PAMI is a Python library containing 100+ algorithms to discover useful patterns in various databases across multiple computing platforms. (Active)
Periodic-Frequent Pattern Mining (PFPM) is an important knowledge discovery technique in data mining with many real-world applications. It involves identifying all patterns that have exhibited perfect periodic behavior in a temporal database. A major limitation of this technique is that it fails to discover those interesting patterns that have exhibited partial periodic behavior in a temporal database. Partial periodic pattern mining (PPPM) has been introduced to tackle this problem.
Partial periodic pattern mining aims to discover all interesting patterns in a temporal database that satisfy the user-specified maximum inter-arrival time (maxIAT) and minimum periodic support (minPS) constraints. The maxIAT controls the maximum inter-arrival time within which a pattern must reappear in order to consider its reoccurrence periodic in a database. The minPS coontrols the minimum number of periodic occurrences a pattern must have in a temporal database.
Reference: R. Uday Kiran, Haichuan Shang, Masashi Toyoda, and Masaru Kitsuregawa. 2017. Discovering Partial Periodic Itemsets in Temporal Databases. In Proceedings of the 29th International Conference on Scientific and Statistical Database Management (SSDBM ‘17). Association for Computing Machinery, New York, NY, USA, Article 30, 1–6. Link
A temporal database is a collection of transactions at a particular timestamp, where each transaction contains a timestamp and a set of items.
A hypothetical temporal database containing the items a, b, c, d, e, f, and g as shown below
TS | Transactions |
---|---|
1 | a b c g |
2 | b c d e |
3 | a b c d |
4 | a c d f |
5 | a b c d g |
6 | c d e f |
7 | a b c d |
8 | a e f |
9 | a b c d |
10 | b c d e |
Note: Duplicate items must not exist in a transaction.
Each row in a temporal database must contain timestamp and items. A sample temporal database, say sampleTemporalDatabase.txt, is show below.
1 a b c g
2 b c d e
3 a b c d
4 a c d f
5 a b c d g
6 c d e f
7 a b c d
8 a e f
9 a b c d
10 b c d e
The performance of a pattern mining algorithm primarily depends on the satistical nature of a database. Thus, it is important to know the following details of a database:
The below sample code prints the statistical details of a database.

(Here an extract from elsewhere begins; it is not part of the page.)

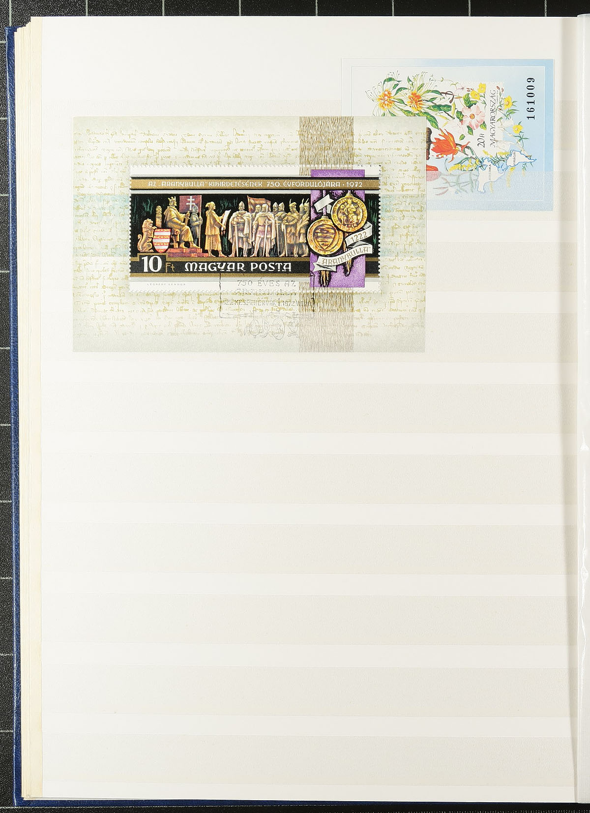 Nice grouping of primarily never hinged worldwide souvenir sheets and sheetlets, containing many hundreds in album or stock pages and a stockbook. The material generally ranges from the 1960's onwards with better representation from European countries (the stockbook alone contains over 100 different from Hungary), along with New Zealand and other British Commonwealth areas, Japan, and more. A spot check indicated some material cataloguing in the $5 to $10 range each, making this a nice lot for topical and thematic collectors, along with dealers looking for stock, overall very fine. Estimate =

import PAMI.extras.dbStats.TemporalDatabase as stats
obj = stats.TemporalDatabase('sampleTemporalDatabase.txt', ' ')
obj.run()
obj.printStats()
The input parameters to a partial periodic pattern mining algorithm are:
- String : E.g., ‘temporalDatabase.txt’
- URL : E.g., https://u-aizu.ac.jp/~udayrage/datasets/temporalDatabases/temporal_T10I4D100K.csv
- DataFrame with the header titled ‘TS’ and ‘Transactions’
- count (beween 0 to length of a database) or
- [0, 1]
- count (beween 0 to length of a database) or
- [0, 1]
The patterns discovered by a frequent pattern mining algorithm can be saved into a file or a data frame.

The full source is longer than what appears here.